一
信子從在女子大學時,就負才媛之名。差不多誰都認她早晚將成為作家,在文壇裡出一頭地。有的竟至於隨處宣傳說她在就學中已作成了三百多頁長的自敘傳體的小說。可是從學校畢業以後,在抱育了還未從女學校畢業的她妹妹照子和她而支撐著門戶的寡婦母親面前,也有不能盡顧自己的地方。於是她在從事創作之前,不得不依了世上的習慣,先定婚姻的事。
她有一個名叫俊吉的表兄。他當時還進著大學文科,將來似也抱著投身文壇的志願。信子與這表兄一向就親密來往著,自從談到所謂文學的共通話題以後,愈增親密。不過,他與信子不同,對於當世流行的托爾斯泰主義等,向不敬服,無論何時,總是吐嚼著法蘭西式的嘲誚或警語。俊吉的這種冷笑的態度,有時很使萬事誠實的信子憤怒難堪,可是她雖憤怒,而在俊吉的嘲誚或警語中,覺得也有不能輕蔑的某物在。

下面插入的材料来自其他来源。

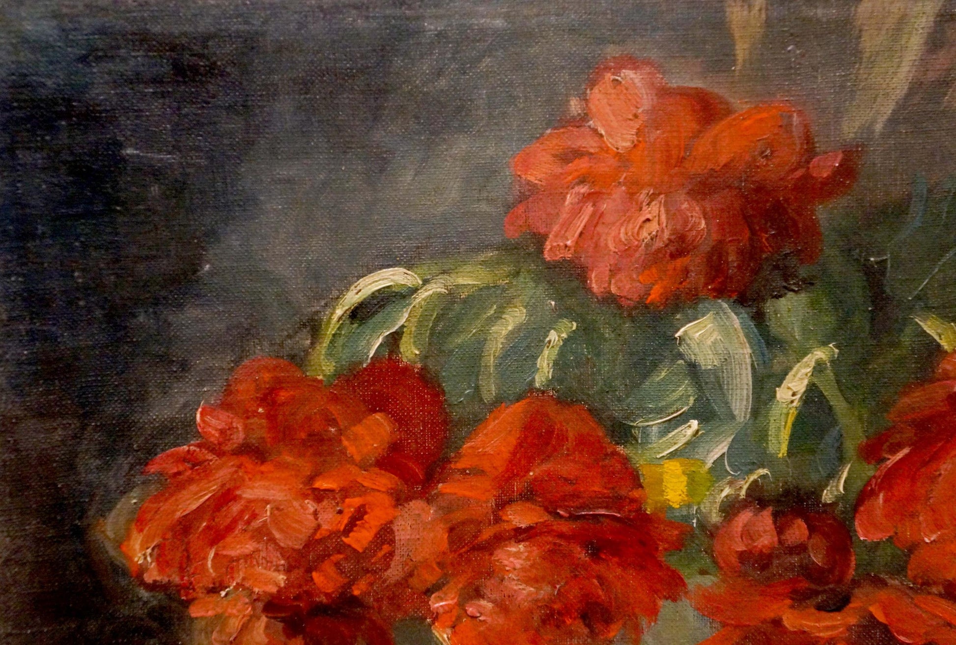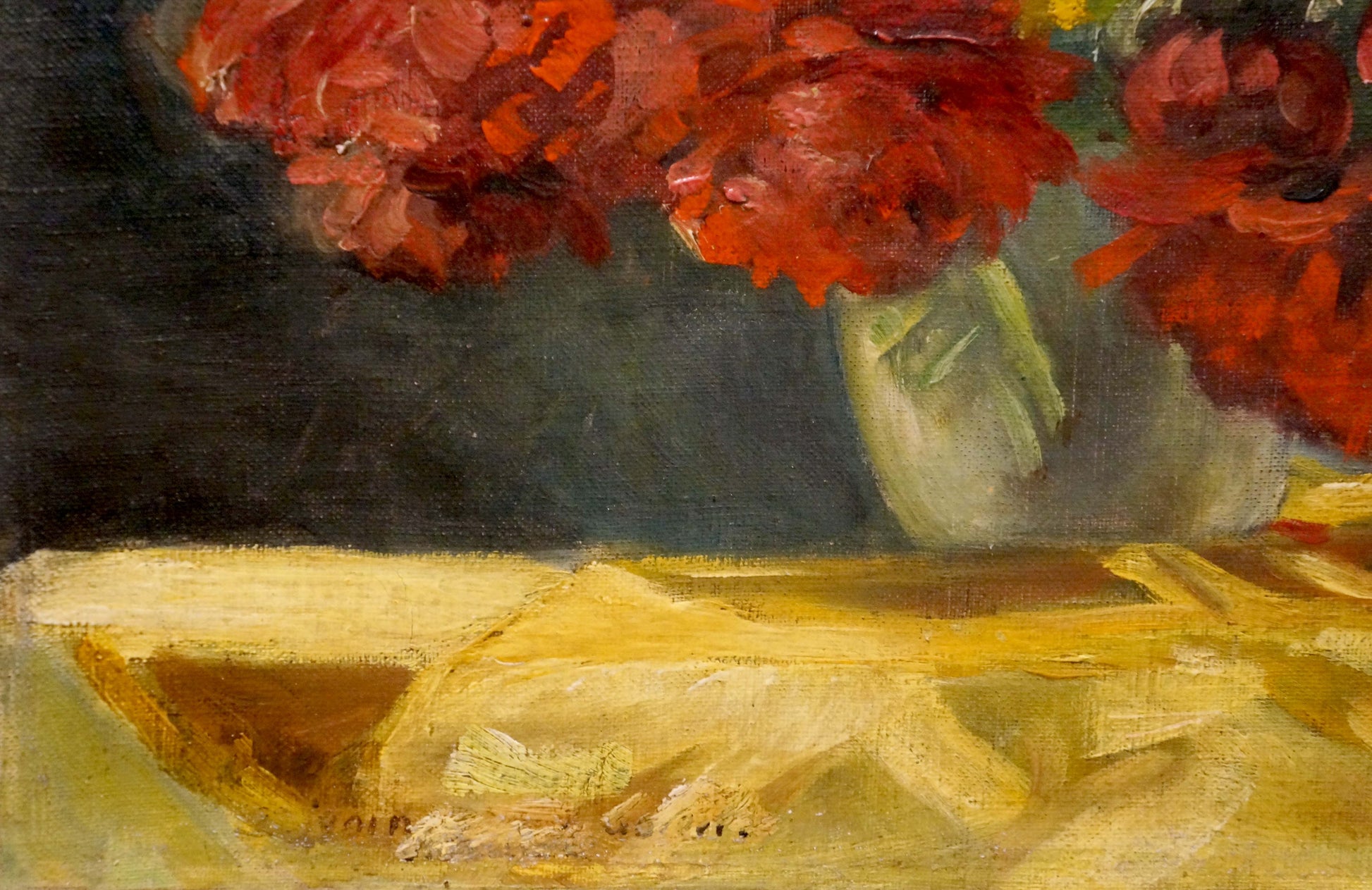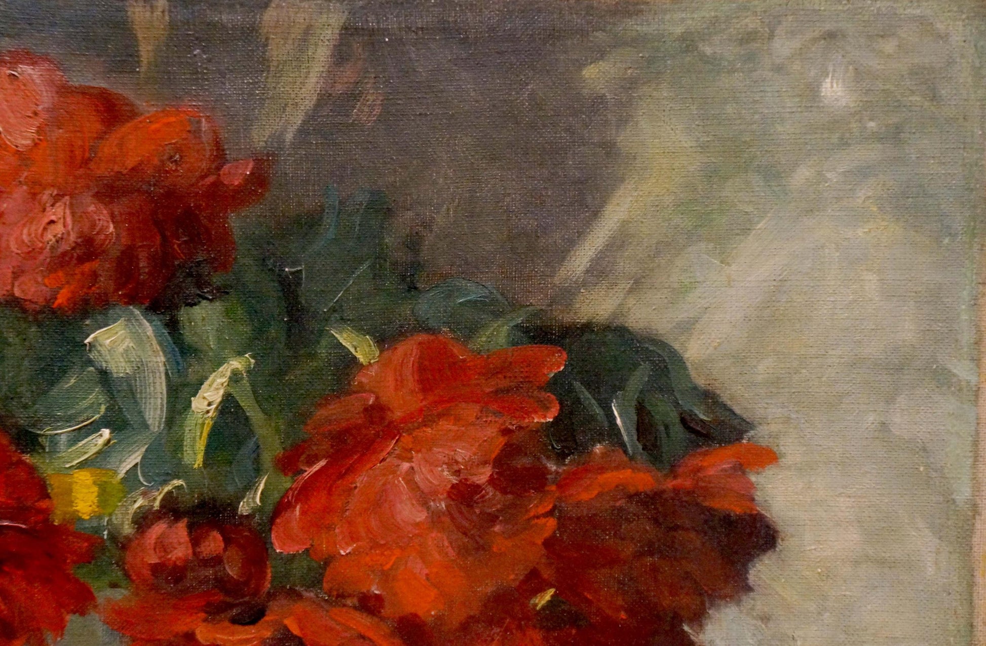 Oil painting Red flowers J. Sellier

所以,她即在未畢業時,也常與他一同到展覽會或是音樂會去,不消說,這種時候,大抵是她妹妹照子也同伴的。三人在去時和歸時,很自由地一路談笑,不過照子有時卻被置在談話的圈外。照子盡小孩似的張望著店窗裡的洋傘或是絹披肩,自顧自走,對於自己被閒卻的事,似乎也不感到什麼不平。可是信子一覺到這,必立把話頭轉換,依舊和妹攀談。說雖如此,而忘記照子的,常就是信子自己。俊吉似乎什麼都不在意,總是吐放著伶俐的滑稽語,在熙熙攘攘的人群中,跨大了步慢慢地走。
信子與其表兄的交誼,無論在誰的眼裡,都會預想到將來二人的結婚。同窗們對於她的未來,原是羨而且妒,而不認識俊吉的尤甚(這原不可謂不是滑稽)。信子在一方雖打消她們的推測,而在他方有時卻故意裝出真有其事的樣子來。所以同窗們在未畢業時,早已把她和俊吉的樣子,像新郎新婦的照相一樣,各在腦子裡合做一處明明白白地印著了。
不料,畢業以後,信子竟違反了她們的預期,突然和新近在大阪某商業會社服務的一個高商出身的青年結婚,並且結婚式後只二三日,就和新夫同到服務所在的大阪去了。據那時到中央車站送行的人說,信子仍和平常時候一樣,現了愉快的微笑,把容易流淚的妹妹照子多方勸慰著哩。
同窗們都怪異了。這怪異的心裡,卻雜著高興的感情,和與從前全然意味不同的妒意。有的信賴她,把一切歸責於她母親的意志。有的懷疑她,說她突變了心。可是,她們自己也知道,這種解釋到底不過是想象罷了。她為什麼不和俊吉結婚?在這以後的若干期間,她們一有機會,必把這疑問當作大問題來談論。過了兩個月光景,她們全然把信子忘了,不消說,連她所要作的長篇小說的話頭也忘了。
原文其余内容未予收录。